Quality rather than quantity has always been the Venetia Williams way and the trainer’s golden run through the opening weeks of the winter campaign continued on Saturday as the front-running Gemirande held off the late challenge of Madara, the favourite, in the December Gold Cup, the feature event of Cheltenham’s Christmas meeting.
It was the stable’s 17th success of a season which officially opened in early May, but it was Williams’s sixth victory in a race worth £40,000 or more to the winner since the start of November.

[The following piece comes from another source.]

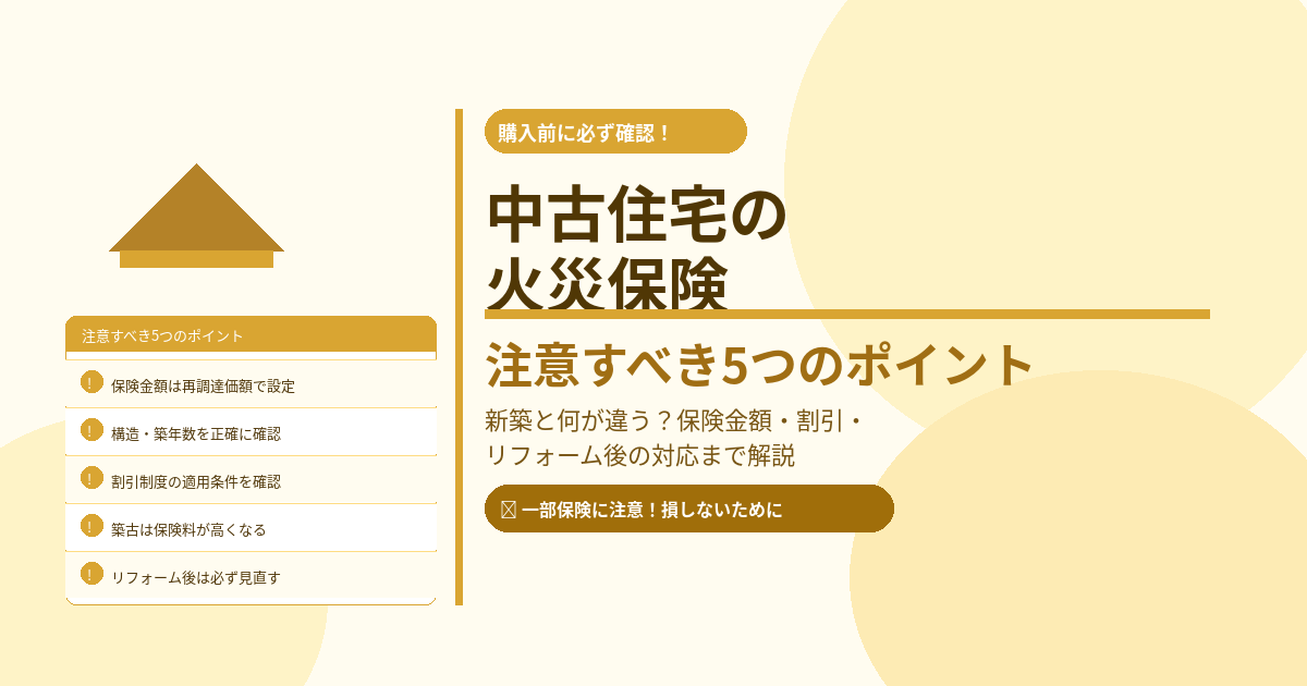 中古住宅の火災保険は、新築と比べていくつか注意すべきポイントがあります。特に保険金額の設定・構造の確認・割引の適用条件は、中古ならではの落とし穴になりやすい部分です。

Charlie Deutsch, Williams’s stable jockey, has played a vital role in many of the big-race successes, including on Saturday when, in physical terms at least, he was a shadow of his normal self.
He had not weighed out at 10st 2lb since New Year’s Day, but his determination to make the weight on Gemirande was rewarded as his partner found a final effort in the closing stages to deny Madara, after the favourite had appeared to be the likelier winner at the last. A pound is generally reckoned to be equivalent to a length over jumps and Gemirande was a length to the good at the line.
“Charlie wasn’t quite sure how he was going to do the weight and I didn’t know what he was going to amputate,” Williams said. “He could have gone for a couple of easier weight options at Doncaster, but he was very keen to come and ride him.
“We’ve always thought that he [Gemirande] had more to come. Charlie said that he couldn’t use his stick on the run-in because the other horse was so close to him, but he’s such a genuine horse that he was doing his best anyway and he wouldn’t have done any more.”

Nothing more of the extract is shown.